What a terrible shock for you. I’m so sorry for your loss.


----------



## Dustinb80 (10 mo ago)

That's terrible, very sorry to hear


----------



## SMcN (Feb 12, 2021)

I can't even imagine the horror, shock and grief you have suffered. Completely out of the blue and such a young dog as well. To lose one of our beloved companions is hard enough when they have lived a full life and you know the end is near. To say I am sorry seems incredibly inadequate. I hope you find peace as well as an explanation of what happened at some point.


----------



## Hopps (Dec 5, 2021)

I'm so sorry to hear that. That must have been terrifying. At least she was with you in her last moments


----------



## Roxy stansfield (7 mo ago)

Bknmaizey said:


> So sorry for your loss. Something similar happened with us. Ours was 9 so not as young but seemingly healthy one day, then gone out of the blue the next. What you described brings back hard memories including a groan from her at the end that I can still hear in my head even 3+ years later. I was watching her on her bed from my bed about 5 feet away when I heard it, scrambled out of bed, scooper her up and I think she was already gone or died in my arms as I carried her to the car while I yelled to my wife to get the doors for me. I remember those first few days and weeks after, I was in total shock and beside myself in grief. I’m so sorry for you.
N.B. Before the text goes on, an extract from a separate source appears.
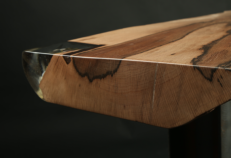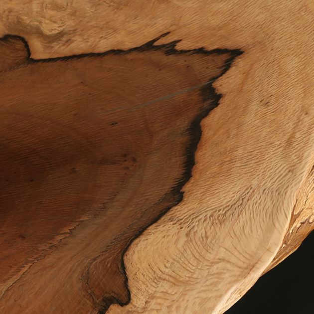 Al contrario que ocurre con el resto de árboles, la madera de cada encina es de un color. El peculiar veteado de esta pieza evoca al corte de una loncha de jamón ibérico.

I hope you can find a little peace in the days to come and I will keep you in my thoughts.


Thank you I carnt get my head around it at all but what I do know is she waited for me to finish work and I was so glad she wasn't Alone. I still find myself waking up and opening the back door to let her out in a morning. Its heart breaking to not have a reasonable explanation as to why it happened. So sorry for your loss


Dustinb80 said:


> That's terrible, very sorry to hear


Thank you


SMcN said:


> I can't even imagine the horror, shock and grief you have suffered. Completely out of the blue and such a young dog as well. To lose one of our beloved companions is hard enough when they have lived a full life and you know the end is near. To say I am sorry seems incredibly inadequate. I hope you find peace as well as an explanation of what happened at some point.


Thank you for your kind words. X


----------



## mikegray660 (Jan 31, 2018)

Horrible, i hope your memories of tara in happy times help to comfort you and ease the pain from her sudden loss - run free sweet girl


----------



## WNGD (Jan 15, 2005)

Sounds like it could be bloat?
I'm so sorry you're going through this.


----------



## Ladybug1982 (8 mo ago)

Wow I’m sorry! Something similar happened to my Bella. She was only two years old and totally healthy. Actually just got a clean bill of health a couple months prior from the vet. Just woke up in the morning and she had died suddenly. Could not wake her up. 😕


----------



## mchast213 (8 mo ago)

Suffering with you.


----------